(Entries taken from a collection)
==================================================

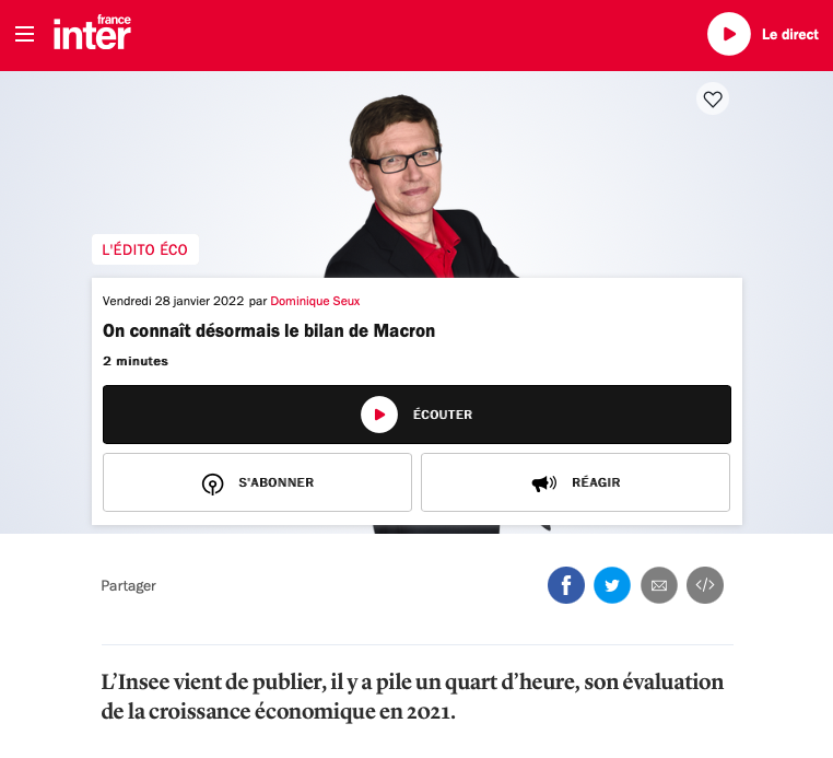 s, se montre guilleret lors de sa chronique dans la matinale de France inter. L'Insee vient de publier ses indicateurs macro-économiques pour l'année 2021, et le journaliste n'est pas loin de sabrer le champagne : "La croissance, depuis le début du quinquennat et malgré le Covid, a progressé de pas loin de 5% sur les quatre années et demi qui se sont écoulées depuis l’élection d’Emmanuel Macron." Niveau emploi, il y a de quoi être heureux aussi : "Depuis 2017, poursuit Seux, le nombre de demandeurs d’emploi qui ne travaillent pas du tout a reculé de près de 400 000 et un million d’emplois ont été créés. Pas mal !" "
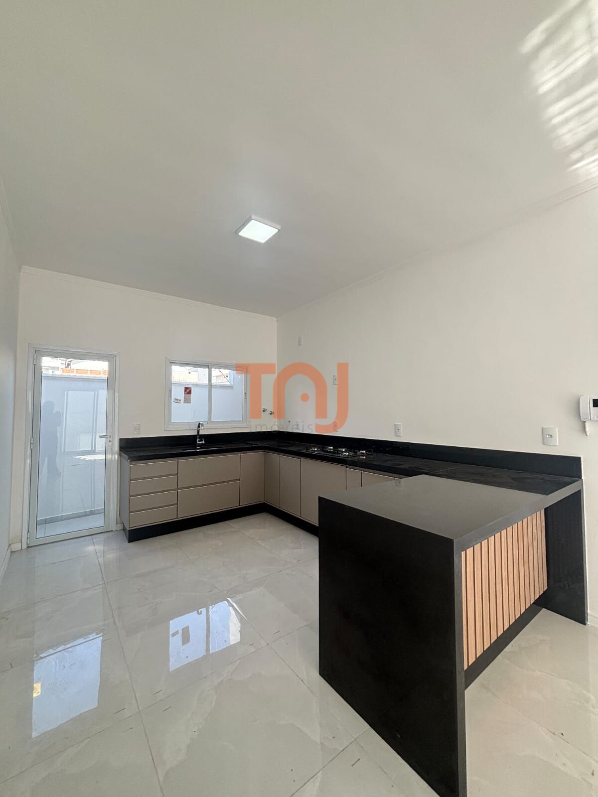 A cozinha planejada e integrada proporciona modernidade e conexão com a área gourmet com churrasqueira, perfeita para receber amigos e familiares.
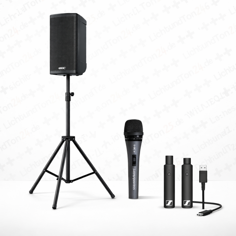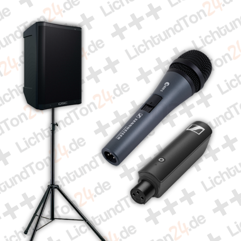 Der hochwertige QSC CB10 Akku-Lautsprecher sorgt für klaren, durchsetzungsstarken Sound, während das Sennheiser Funkmodul ein gewöhnliches Kabelmikrofon funkfähig macht.
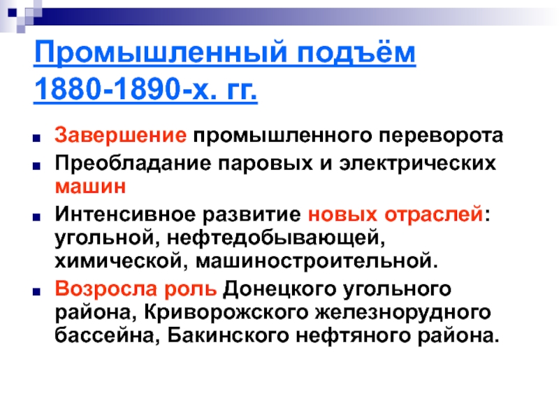 развитие новых отраслей: угольной, нефтедобывающей, химической, машиностроительной.
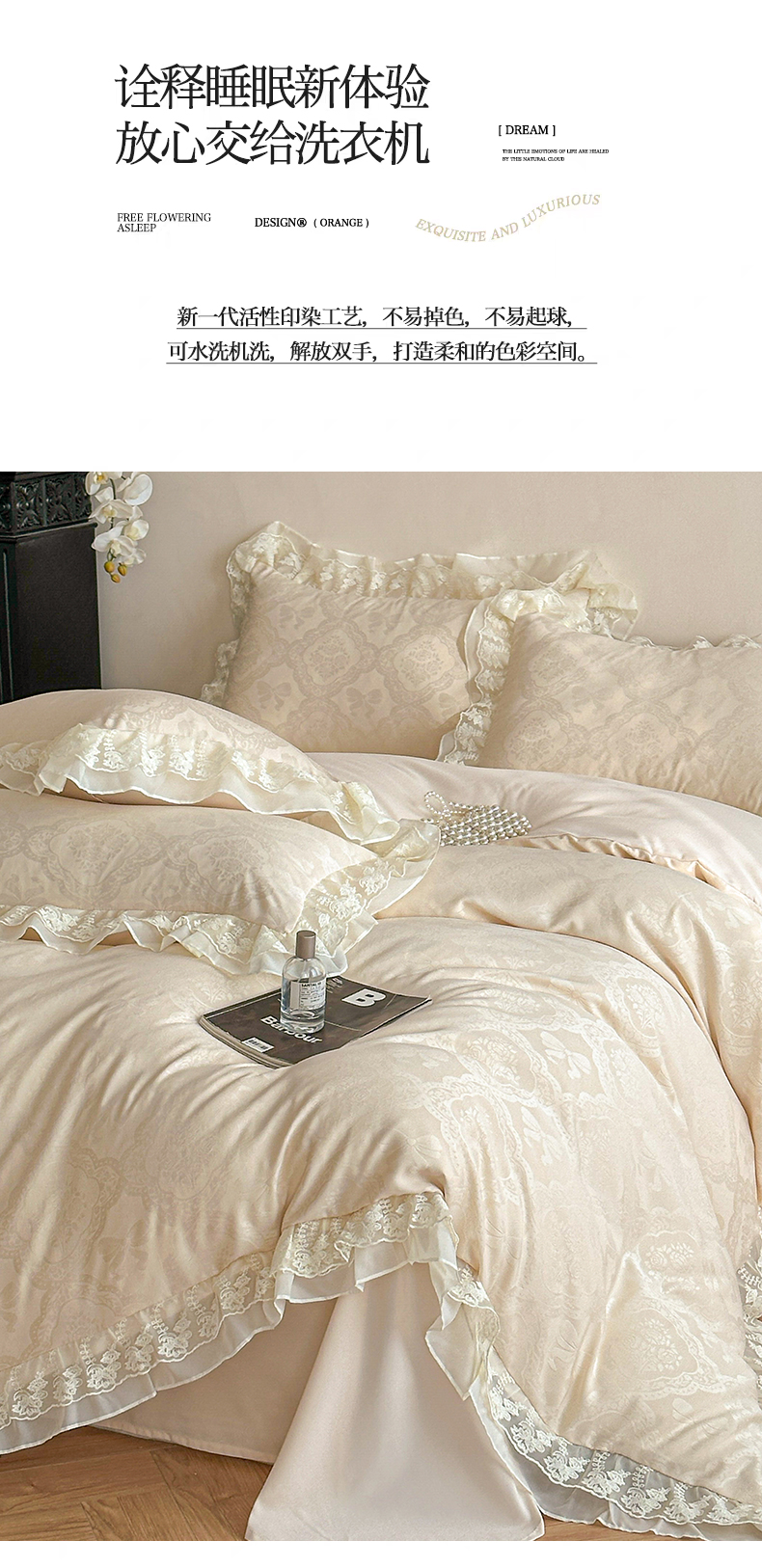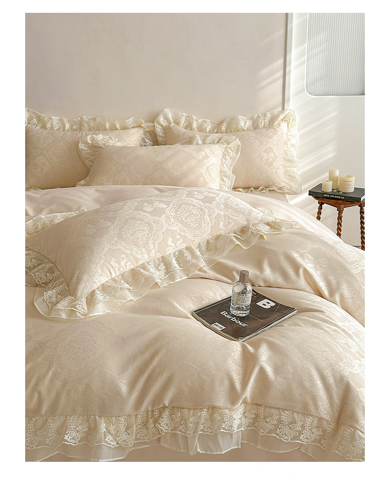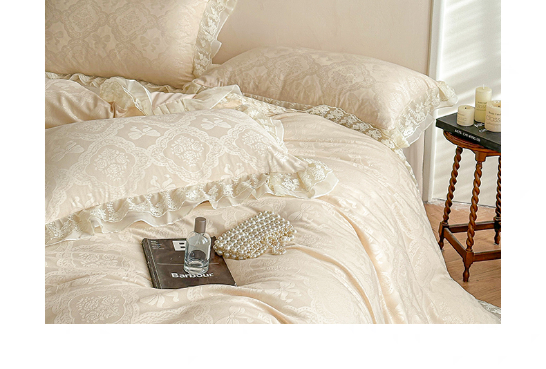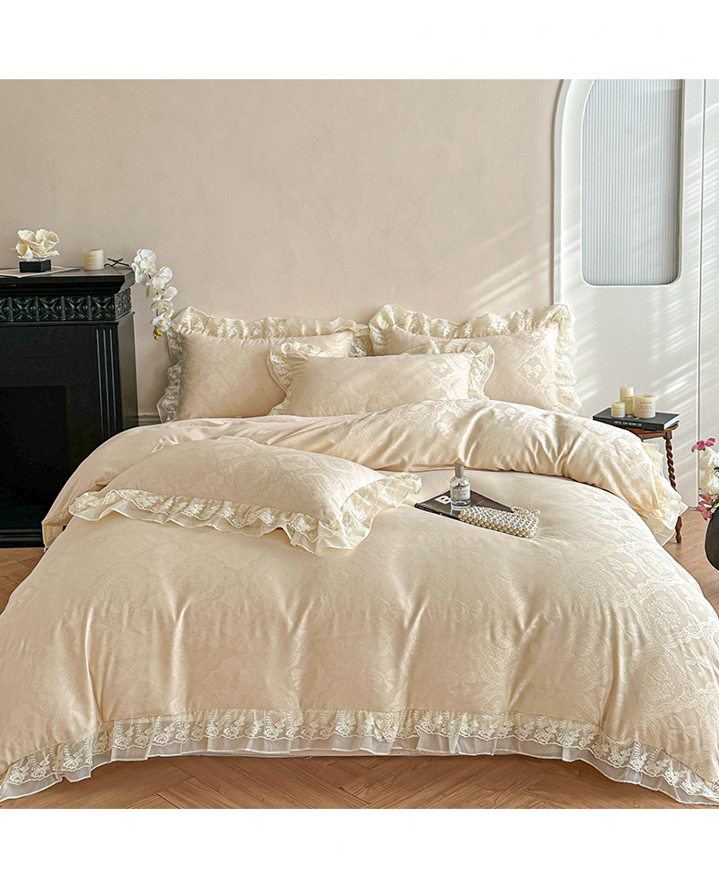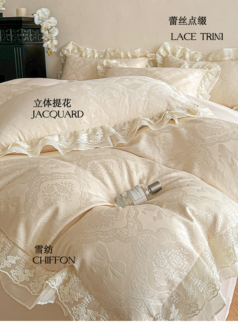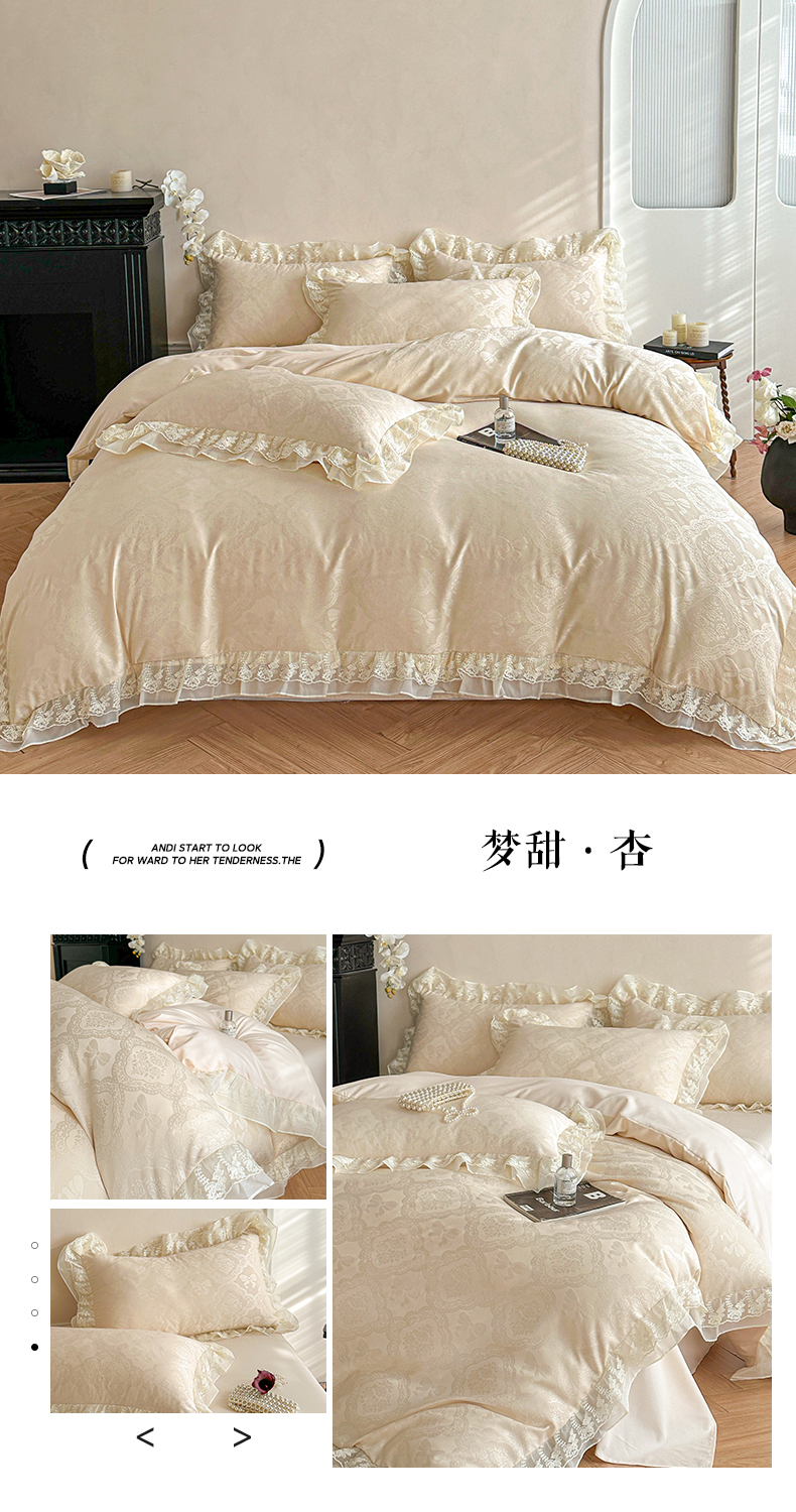 当前位置: 91家纺网 > 商品网购 > 床品套件 > 四件套 > 水洗棉四件套 > 你好美丽 2026新款水洗棉提花双层雪纺花边四件套-梦甜系列 梦甜杏
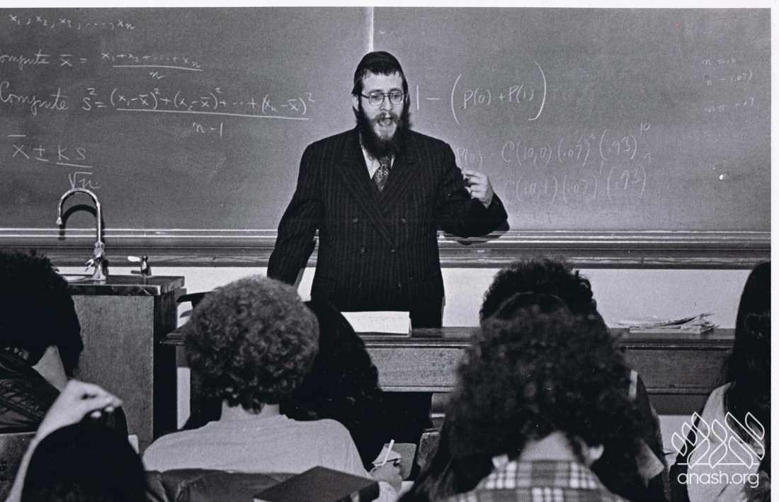 Right away, I put together a resume — I had been ordained to serve as a rabbi and a rabbinic judge, and had published several articles in Torah journals, all of which I said were equivalent to a college degree — and submitted an application to teach at the university. Miraculously, they approved. Without exaggeration, that semester alone I taught four credited courses, with midterm papers and finals: Chasidic Philosophy, Jewish Mysticism, Jewish Law, and Chasidic Music as Literature, where I would play chasidic melodies from the “Nichoach” series of records and then explain what the melody was about. There could be between forty and a hundred people in a course, and over the years, well over ten thousand students took them.
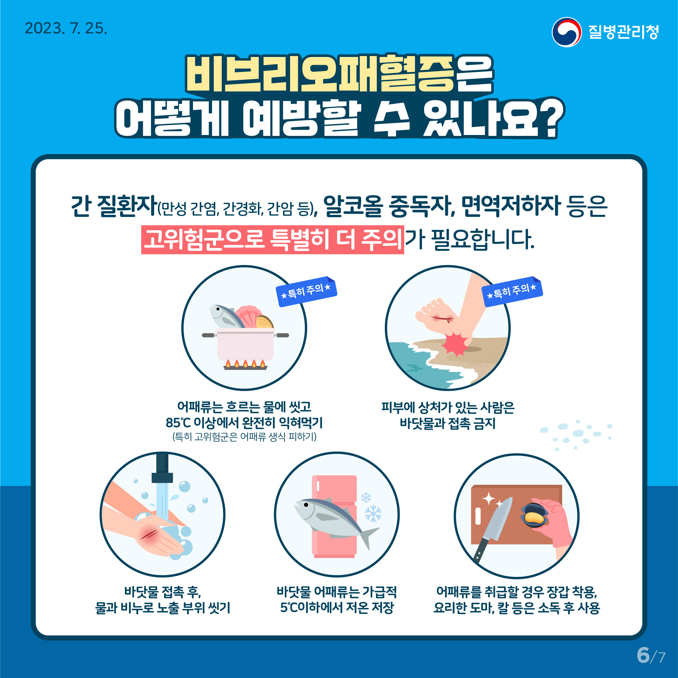 질병관리청(청장 지영미)은 5월 10일(토) 비브리오패혈증 올해 첫 환자가 발생함에 따라 비브리오패혈증 예방을 위해 각별한 주의를 당부하였다.
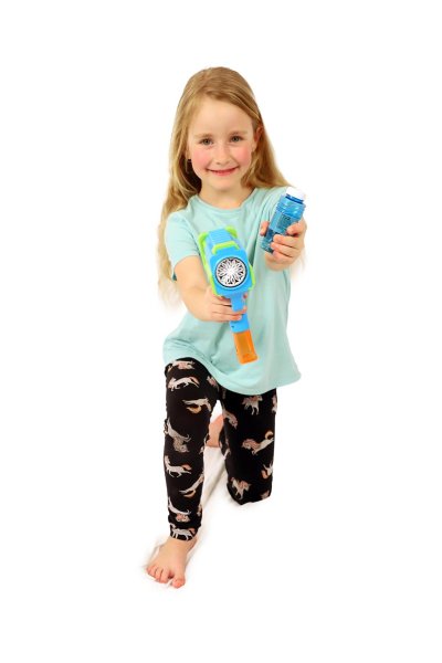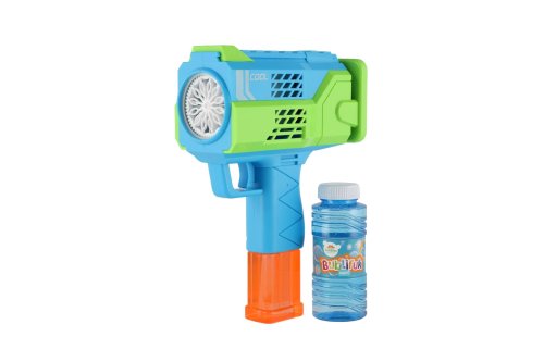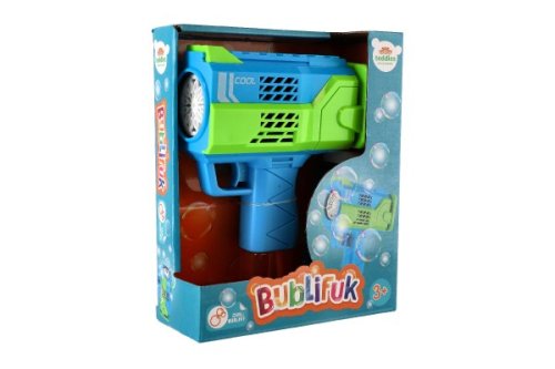 Nebaví Vaše deti fúkať bubliny po jednej? V tom prípade je táto pištoľ priamo pre vás. Odistite, nalejte náplň do nádoby, stlačte spúšť a užívajte si dúhový raj bublín. Nekonečná zábava pre deti i dospelých, bublifuk bude báječná sranda nielen na teplé letné dni. Bubliny sú ako kúzelné balóniky, ktoré si dieťa môže vykúzliť a obdivovať ich dúhovú farbu. Bublifuk pištole s náplňou. Rozmery balenia 18 x 23 x 8 cm. Vhodné pre deti od 3 rokov.

==================================================

TASK GOAL
Would you copy out every line of the data above exactly, minus the pictures?

EXERCISE ANSWER
 s, se montre guilleret lors de sa chronique dans la matinale de France inter. L'Insee vient de publier ses indicateurs macro-économiques pour l'année 2021, et le journaliste n'est pas loin de sabrer le champagne : "La croissance, depuis le début du quinquennat et malgré le Covid, a progressé de pas loin de 5% sur les quatre années et demi qui se sont écoulées depuis l’élection d’Emmanuel Macron." Niveau emploi, il y a de quoi être heureux aussi : "Depuis 2017, poursuit Seux, le nombre de demandeurs d’emploi qui ne travaillent pas du tout a reculé de près de 400 000 et un million d’emplois ont été créés. Pas mal !" "
 A cozinha planejada e integrada proporciona modernidade e conexão com a área gourmet com churrasqueira, perfeita para receber amigos e familiares.
 Der hochwertige QSC CB10 Akku-Lautsprecher sorgt für klaren, durchsetzungsstarken Sound, während das Sennheiser Funkmodul ein gewöhnliches Kabelmikrofon funkfähig macht.
 развитие новых отраслей: угольной, нефтедобывающей, химической, машиностроительной.
 当前位置: 91家纺网 > 商品网购 > 床品套件 > 四件套 > 水洗棉四件套 > 你好美丽 2026新款水洗棉提花双层雪纺花边四件套-梦甜系列 梦甜杏
 Right away, I put together a resume — I had been ordained to serve as a rabbi and a rabbinic judge, and had published several articles in Torah journals, all of which I said were equivalent to a college degree — and submitted an application to teach at the university. Miraculously, they approved. Without exaggeration, that semester alone I taught four credited courses, with midterm papers and finals: Chasidic Philosophy, Jewish Mysticism, Jewish Law, and Chasidic Music as Literature, where I would play chasidic melodies from the “Nichoach” series of records and then explain what the melody was about. There could be between forty and a hundred people in a course, and over the years, well over ten thousand students took them.
 질병관리청(청장 지영미)은 5월 10일(토) 비브리오패혈증 올해 첫 환자가 발생함에 따라 비브리오패혈증 예방을 위해 각별한 주의를 당부하였다.
 Nebaví Vaše deti fúkať bubliny po jednej? V tom prípade je táto pištoľ priamo pre vás. Odistite, nalejte náplň do nádoby, stlačte spúšť a užívajte si dúhový raj bublín. Nekonečná zábava pre deti i dospelých, bublifuk bude báječná sranda nielen na teplé letné dni. Bubliny sú ako kúzelné balóniky, ktoré si dieťa môže vykúzliť a obdivovať ich dúhovú farbu. Bublifuk pištole s náplňou. Rozmery balenia 18 x 23 x 8 cm. Vhodné pre deti od 3 rokov.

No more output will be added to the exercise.